Aerial photo, site of Frank Slide
Image 1: Turtle Mountain, the mammoth debris fan from its slide, and a map of its location in Canada.

Source: Froese et al. (2009).

First Nations Lore and Geologic Background

The region’s First Nations residents, as Canada’s Indigenous peoples are known, had perceived the natural threat from Turtle Mountain long before 1903. Generations of the Blackfoot and Kootenay tribes had long refused to camp at the base of the peak, named because its profile resembled a sleeping turtle. They maintained in their folklore that the turtle would one day awaken and raise its head, bringing the mountain tumbling down. The First Nations peoples’ name for Turtle Mountain translated to “the mountain that moves,” which almost surely reflected the experience of previous slides. The mountain had been primed for such events since its formation during the Laramide Orogeny roughly 50 to 75 million years ago. The twisting, wrenching process of orographic uplift elevated the new peak about 3,000 feet (915 m) above the surrounding Crowsnest River valley, known as Crowsnest Pass. The orogeny and regional faulting eventually left the Livingstone Formation, a relatively strong stratum of Mississippian limestone roughly 1,150 feet (350 m) thick, lying above the Kootenay Formation,  a series of considerably weaker strata of Cretaceous shale, sandstone, and coal about 655 feet (200 m) thick (Anderson 1986, Benko and Stead 1998, Langenberg et al. 2007, Leckie et al. 2021, McConnell and Brock 1904, Moreno et al. 2011, USGS 2025).

Sepia photograph
Image 2: Turtle Mountain and Crowsnest Pass before the 1903 slide.

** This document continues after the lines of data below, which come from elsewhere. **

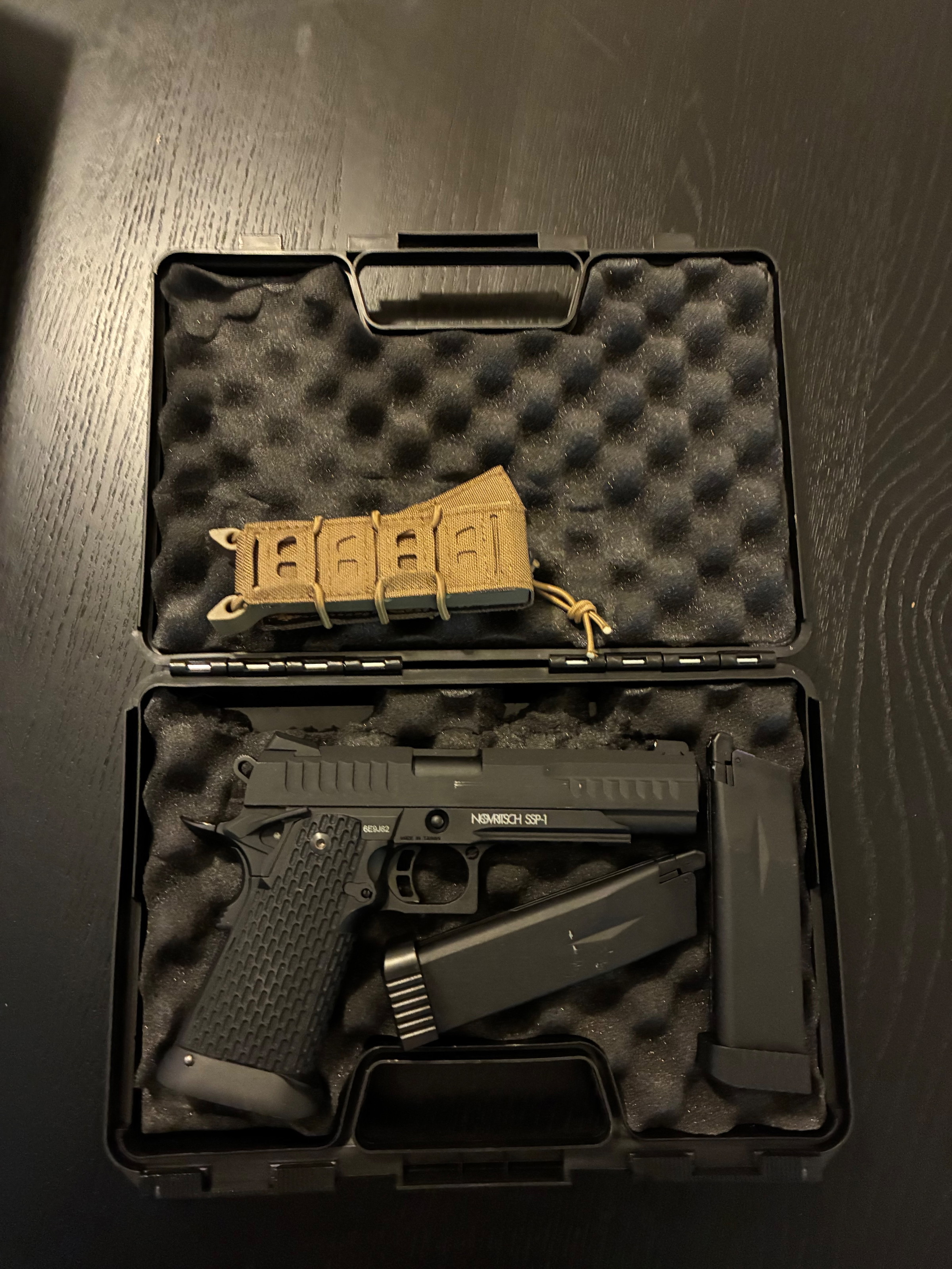 Novritsch SSP1 met 2 gas magazijnen, 1 pouch, novritsch open universel holster en een case.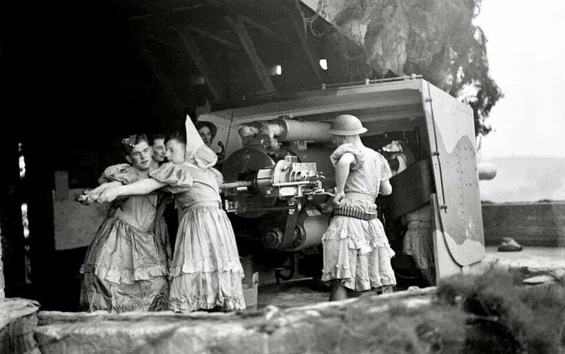 Репетиция шоу британских служащих была остановлена из-за внезапной воздушной атаки, поэтому актеры готовятся к бою прямо в костюмах.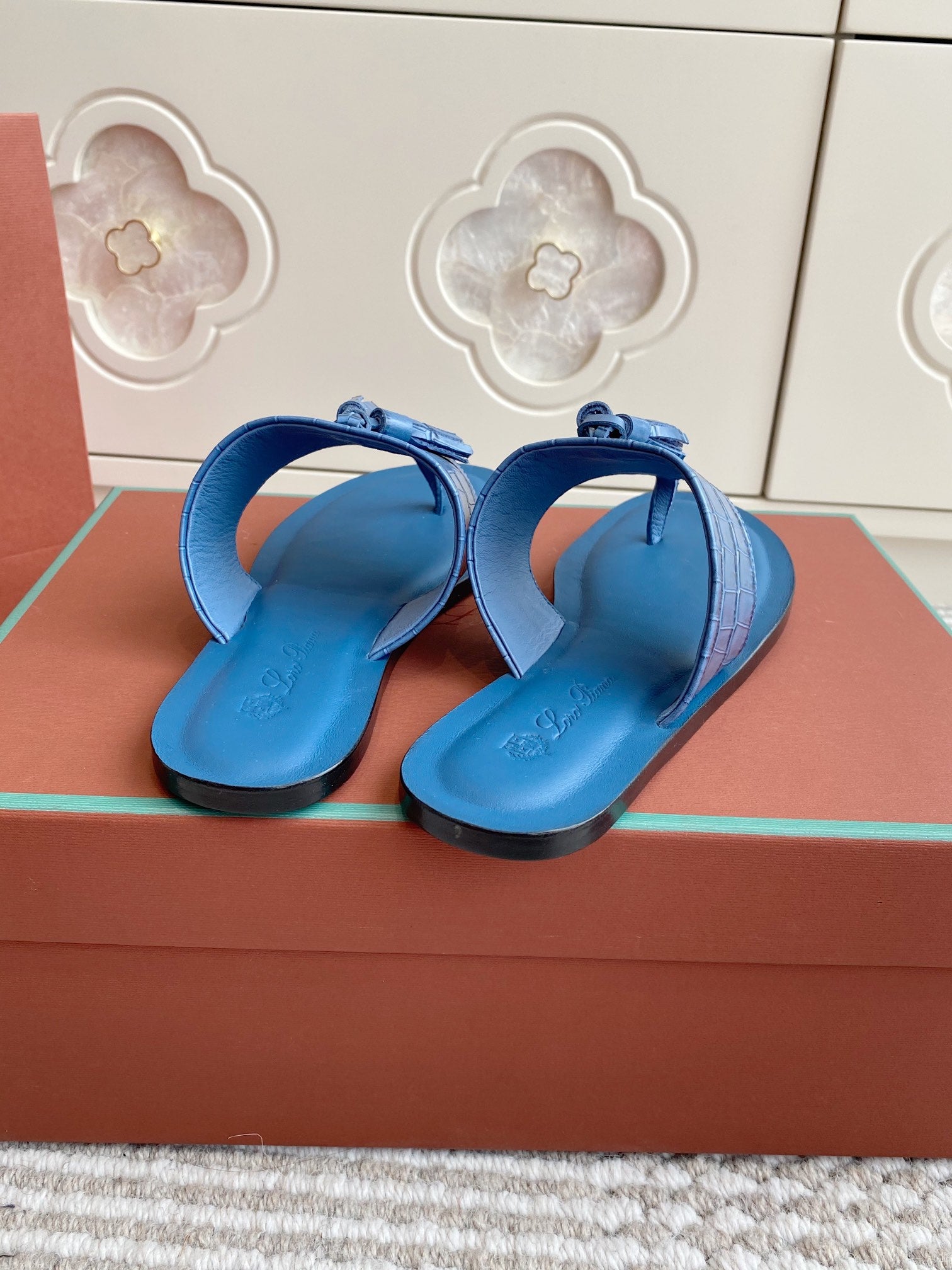 FLIP FLOPS IN BLUE LAMBSKIN SNAKE EMBOSSING
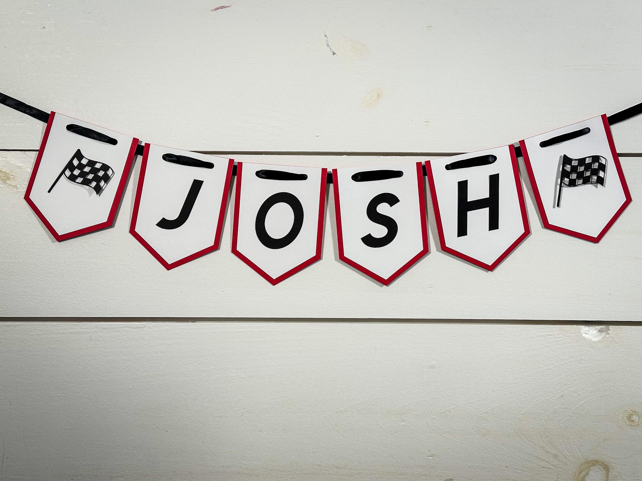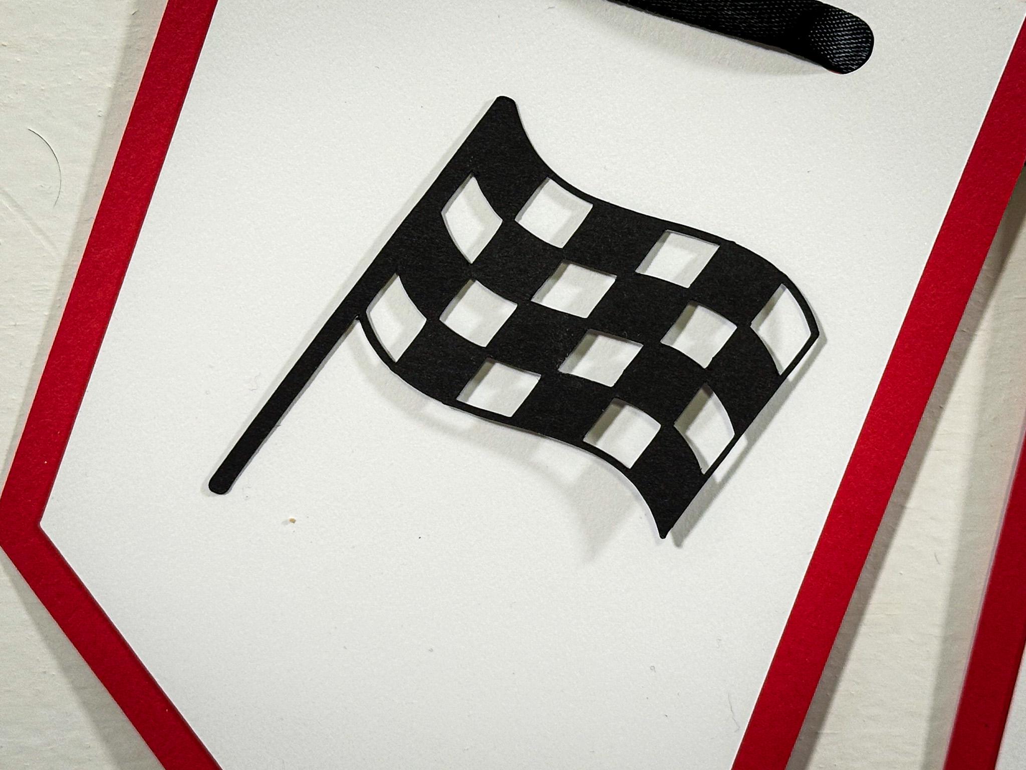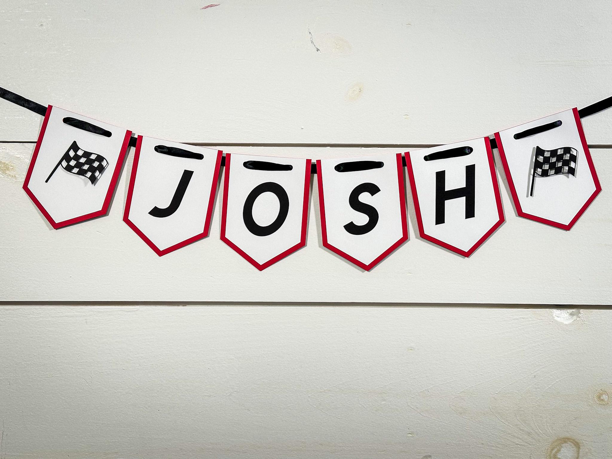 Each banner is handcrafted from sturdy 65 lb cardstock and features a two-layer design—a vibrant red backing layer topped with a crisp white front layer for a clean, high-contrast look. The race car and checkered flag details are attached with foam dots, creating a fun 3D effect that really pops.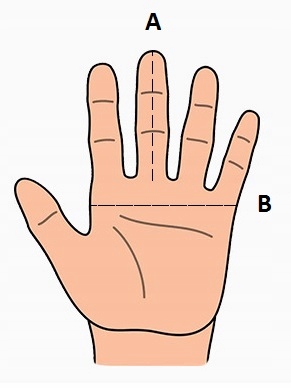 | Rozmiar | Długość środkowego palca (A) | Obwód dłoni (B) |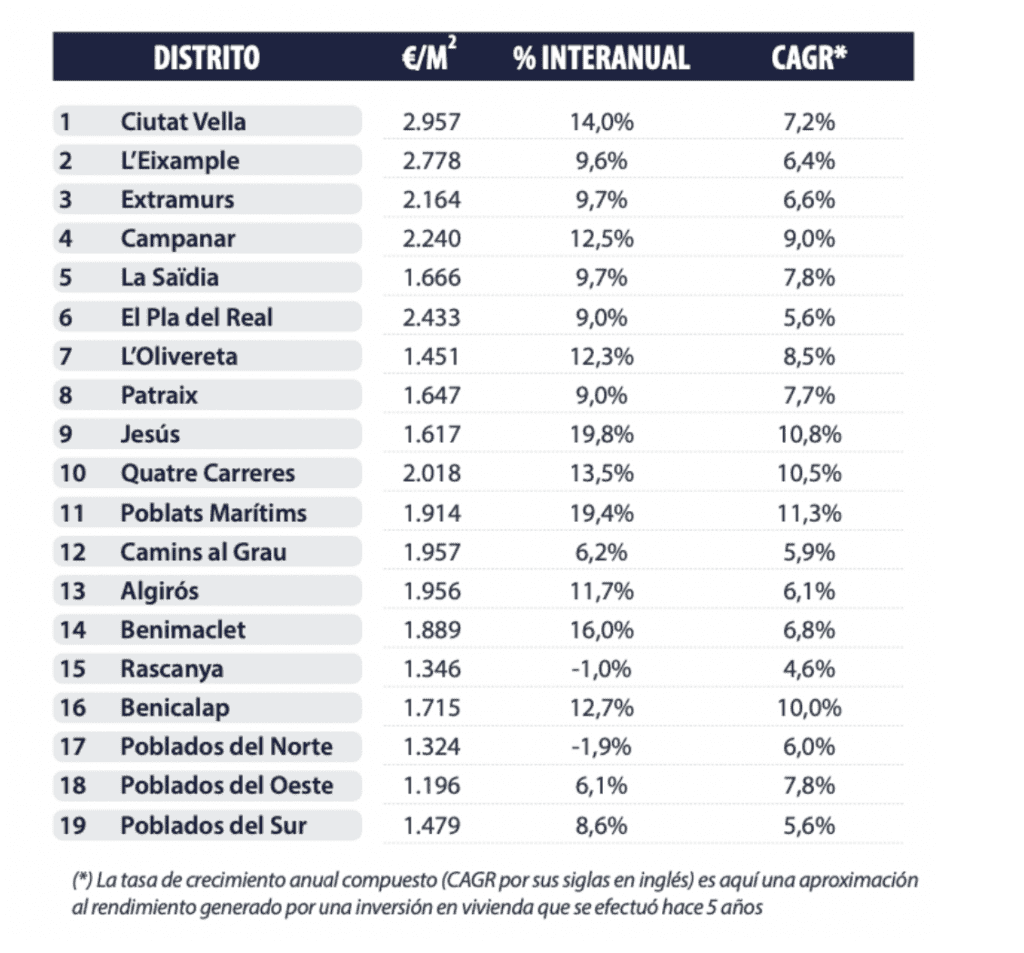 Valence intensifie la tendance à la hausse des trimestres précédents et des augmentations de prix supérieures à 8% et allant jusqu’à 19,8% sont observées dans 15 des 19 districts.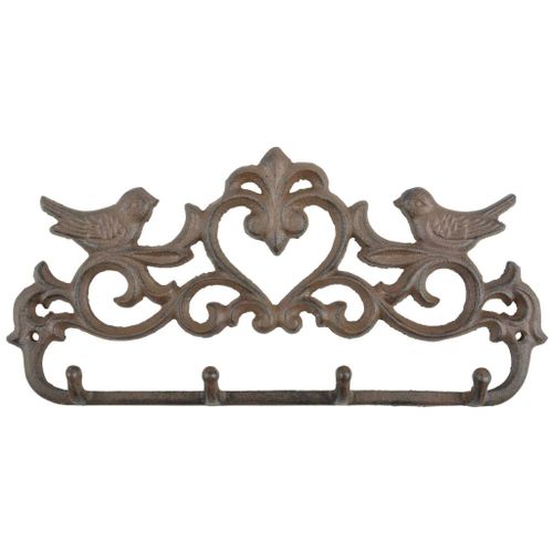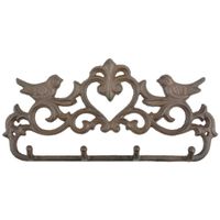 Produkt jest przyozdobiony parą figurek ptaków oraz kwiecistym wzorem. Posiada cztery haczyki na płaszcze, czapki oraz inne akcesoria czy nawet ręczniki kuchenne. Ten wieszak ścienny firmy Esschert Design jest dostarczany w kolorowym pudełku prezentowym i ma dwa otwory montażowe.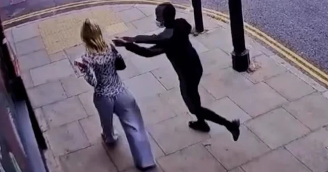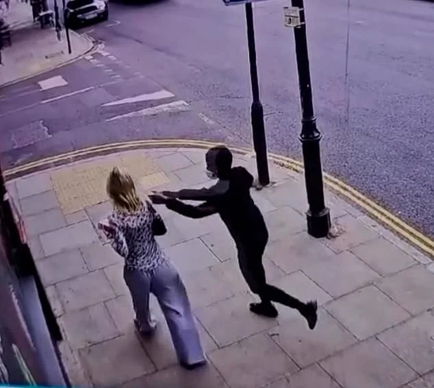 На кадрах, снятых на углу Сотби-роуд и Хайбери-парк, женщина идёт по тротуару и смотрит в свой смартфон. Мужчина в чёрном и с маской на лице внезапно подбегает к ней и вырывает устройство, прежде чем исчезнуть за углом.

Source: McConnell and Brock (1904).

 

Topographic map
Image 3: Topographic map of Turtle Mountain, Crowsnest Pass, and the slide, 1903.

Source: McConnell and Brock (1904).

From the start, Turtle Mountain was tenuously stable at best. Its subsurface geology consists of crumpled rock strata riddled with faults, forming a fault-propagation fold. This structure manifests itself at the surface as the Turtle Mountain Anticline, the hinge of which defined the mountain’s crest as of early 1903. The Livingstone Formation limestone along the hinge has a lower, more widely scattered Geological Strength Index (GSI) than it does elsewhere on Turtle Mountain due to more closely spaced jointing and a lower unconfined compressive strength. West of the hinge, the formation dips 50° westward; east of the hinge, it dips 70° eastward. Post-slide studies would note two clearly defined joint sets through the hinge limestone, intersecting at a 97° angle. These fissures further complicated Turtle Mountain’s geologic situation by allowing water to seep in; freeze-thaw cycles then expanded them. The Turtle Mountain Fault, a thrust fault between the Livingstone limestone and the Kootenay sedimentary layers, only exacerbated the mountain’s stability woes. Multiple glaciations and the Kootenay Formation’s 82° westward dip left Turtle Mountain with a unique bilinear profile. In early 1903, the lower 800 feet (245 m) of the mountain’s 3,000-foot (915 m) prominence had a slope of about 30°, but above that, the mountainside had a slope of about 45° (Langenberg et al. 2007, Leckie 2021, McConnell and Brock 1904, Moreno et al. 2011).

Aerial color photograph
Image 4: Turtle Mountain Anticline as seen several miles south of Crowsnest Pass.

Source: Read et al. (2005).
Aerial geologic map of Turtle Mountain and Crowsnest Pass
Image 5: Aerial geologic map of Turtle Mountain and Crowsnest Pass.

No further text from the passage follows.